I grew up in Durham, New Hampshire, a small town with little to distinguish it but the siting of the University of New Hampshire in the early part of last century. Because of its UNH DNA, Durham has quite an elevated view of itself, and those of us from the town share that feeling. College towns are by nature filled with transients—a quarter or more of the student population turns over every year, and no campus is complete with academic gypsies and hangers-on, adjuncts and instructors of various kinds. Still, Durham did have a core population of tenured professors, college administrators, farmers and descendants of the families that gave names to its streets.
My mother moved to Durham in 1939, when she was 10. My grandfather, Phil Barton, after running schools in Colebrook and Weare for 10 years, was invited to UNH to teach and start the Thompson School of Applied Science, an affiliated two-year degree program. Without wanting to besmirch his memory—something I’ve done enough of in other areas—I must point out UNH honored him in 1970 by building the ugliest building on campus and naming it after him. You could look it up.
Since my mother grew up in Durham, at least from the age of 10 or so on, my roots in town were well-established. When she went to work for the Durham Trust Company (which became Durham Bank, which became part of Portsmouth Bank which became so watered-down I lost track), I was in fourth or fifth grade. Her job, I believe, was to be a familiar face to old Durham families who banked there. I mean, if Bev Barton Howard worked there, the bank must still be a reliable local institution. She was a bellwether of safety and stability, despite having me as a son. (As an aside, when she retired from the bank in the 1980s, she was an officer, yet still made less than the youngest and newest male bank employee.)
White settlers have lived where I grew up since the early 1600s. In that time, a bunch of people have shuffled off this mortal coil—or been dragged as corpses out the front door to the back forty. Regardless of how they left this plane of existence, their bodies had to be buried some place. As a child, walking through the woods behind my house, I thought nothing of coming upon five or eight blocks of granite with or without markings on them. Just another graveyard—rocks holding down the souls of unknown dead. Unkempt graves were a given of my childhood.
Each one of those stones though, represented a human, a man, woman or child who once ran and sang and loved and wept. Now, all that is left of that dance they danced for 80 years or 80 minutes of life is a rock in the woods, bound eventually to be removed so a house or garage could be built.
The one thing I can know about the bodies buried in those unvisited tombs—they hadn’t died by duel or by suicide. Dead duelists were buried coffin-less with a stake through their hearts while suicides in early New England were buried on the main road with a cartful of stones thrown down on them.
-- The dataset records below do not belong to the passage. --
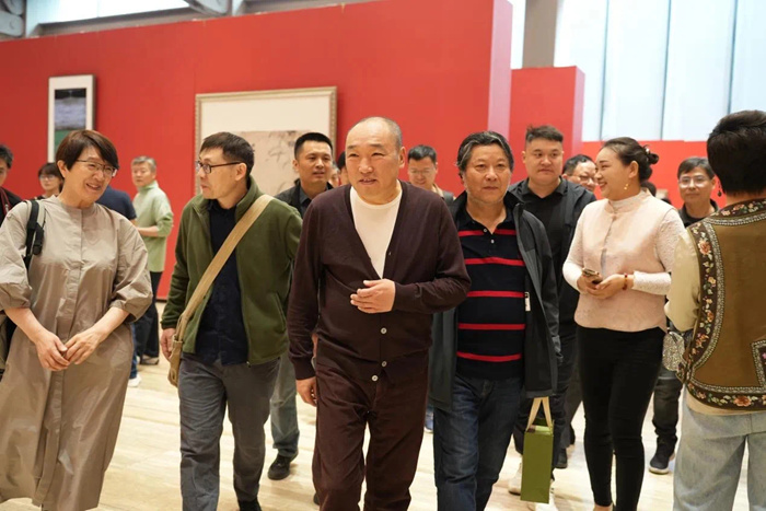 燕東升在致辭中對中國國家畫院的教學工作表示肯定。他談道:“20年來,中國國家畫院的教學成果斐然,始終扎根于中華優秀傳統文化的深厚土壤,秉持‘因材施教、高端起步、技道并進’的理念,融匯傳統師承與現代教育精華,形成了獨具特色的教學體系,在業內乃至社會各界享有良好聲譽。我們始終站穩政治立場,把好意識形態關。我們始終堅持‘以人為本’,將人格修養與藝術培育并重,注重導師與學員間的深度交流,強調作品的人文內涵與藝術獨創性,致力于培養德才兼備、德藝雙馨的藝術人才。這種教學模式,不僅傳承了中華傳統美學精神,更契合了新時代黨對文藝工作者‘培根鑄魂、守正創新’的要求。此次教學回顧展不僅是中國國家畫院矢志不渝、砥礪奮進的教學培訓工作的歷程展示,更是教學培訓成果的生動寫照。中國國家畫院將繼續堅守初心使命、深化教學改革、優化課程設置、加強師資隊伍建設,培養更多藝術人才,為美術事業的繁榮發展貢獻智慧和力量!”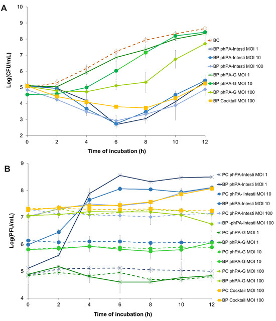 The effect of two phages alone (phPA-G and phPA-Intesti) at MOI 1, 10, and 100, and phage cocktail (phPA-G/phPA-Intesti) at MOI 100 against P. aeruginosa CHUC during 12 h of incubation. (A) Bacterial concentration: BC—bacteria control; BP—bacteria plus phage. (B) Phage concentration: PC—phage control; BP—bacteria plus phage. Values represent the mean of three independent assays, with three replicates in each condition. Error bars represent the standard deviation.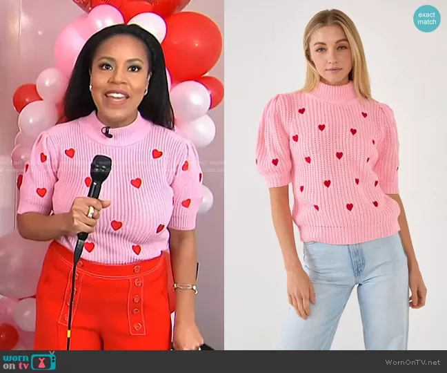Sheinelle Jones on Today on NBC was spotted wearing this pink heart sweater on Today on Feb 14 2023's episode. Sheinelle's Sweater is the Heart Sweater by English Factory.

I know of no record of a man committing suicide in the midst of a duel, so I can offer no enlightening trivia on how this was handled.
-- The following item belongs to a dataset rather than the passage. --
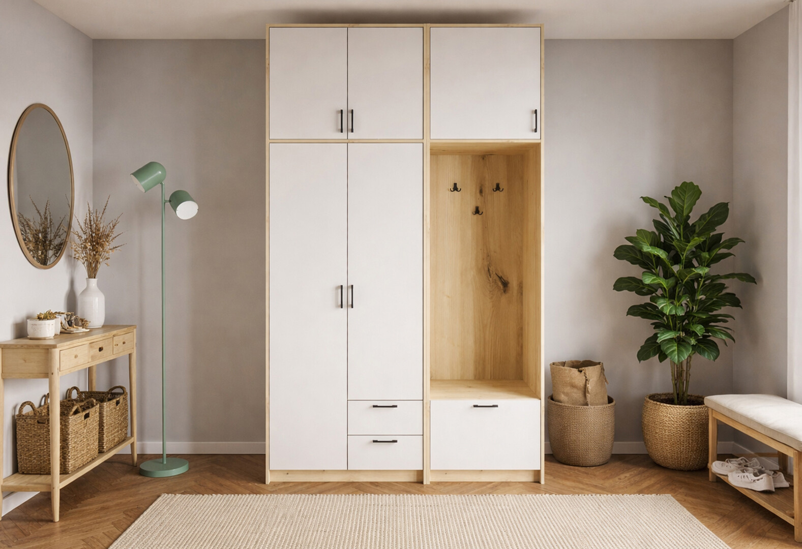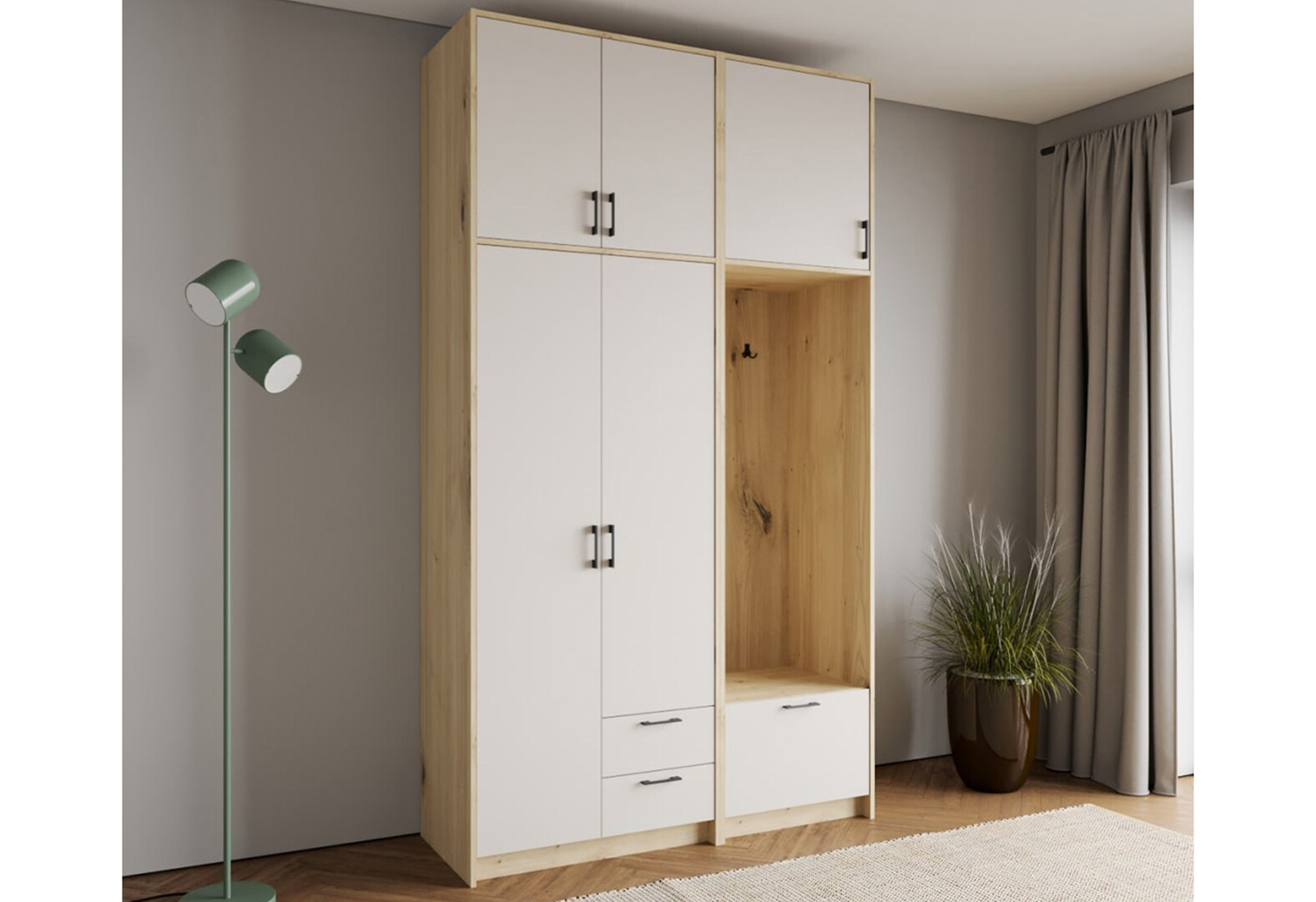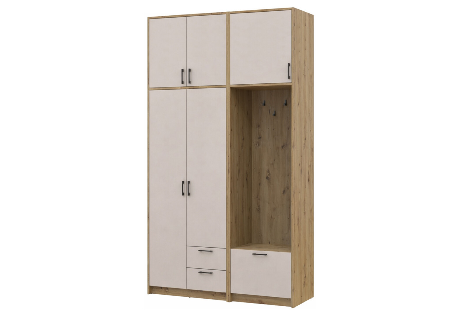 - Шкаф для одежды 2 ДСП Doros Ронди с вешалкой и высокой антресолью 142 см Дуб Артизан / Кашемир

Before UNH came to Durham, it was known mainly, if at all, for the Oyster River Massacre in 1694, where more than 100 settlers were killed by Abenaki Indians under the command of French leaders, hosted by the local Durham folks. (The choice of the word “hosting” in the previous sentence gives the whole thing an upbeat and collegiate sound. More than 200 years before Durham became a college town, its settlers were playing a home-and-home series with the Indians—“you may have killed us today, but we’ll slaughter you next time!” one can picture a survivor calling out good-naturedly before turning to bury the dead and extinguish the fires.) Although I didn’t know any of the victims personally, not being born for more than 250 years after the mishap, the Oyster River Massacre played a larger role in my childhood than any other pre-Revolutionary act.
Beards Landing, the street I grew up on, was named after, I believe, William Beard, who was killed in a raid before the massacre. He was beheaded and his severed skull impaled on a post outside his garrison. Behind the locked doors, his family was able to observe his death and desecration. As a boy, I knew about burial rites for suicides and duelers, but found no information about the beheaded—for some reason, I assumed their bodies and heads were dragged into the woods. Much of my childhood was devoted to searching for Beard’s skeleton in the woods behind my house, a pleasant childhood pastime. I suspect it’s still there.
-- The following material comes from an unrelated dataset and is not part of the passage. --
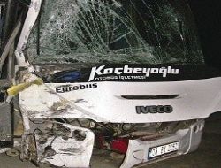Bİr maden işletmesinden iş çıkışı işçileri alan Necati Ay yönetimindeki otobüs ile karşı yönden gelen Sami Güner yönetimindeki dorseli Tır kafa kafaya çarpıştı.

The massacre is commemorated by a very nice and romantic park off Route 108 (Newmarket Road) in Durham. At sunrise or dusk, the park is the perfect place to take a lady friend to convince her of your sensitive nature. Looking thoughtfully into the sunrise to the right or the sunset to the left, sigh and say, “Ahhhh, the humanity. Why must we treat each other so?”
She will be yours.
And you can go hand-in-hand to search for skeletons.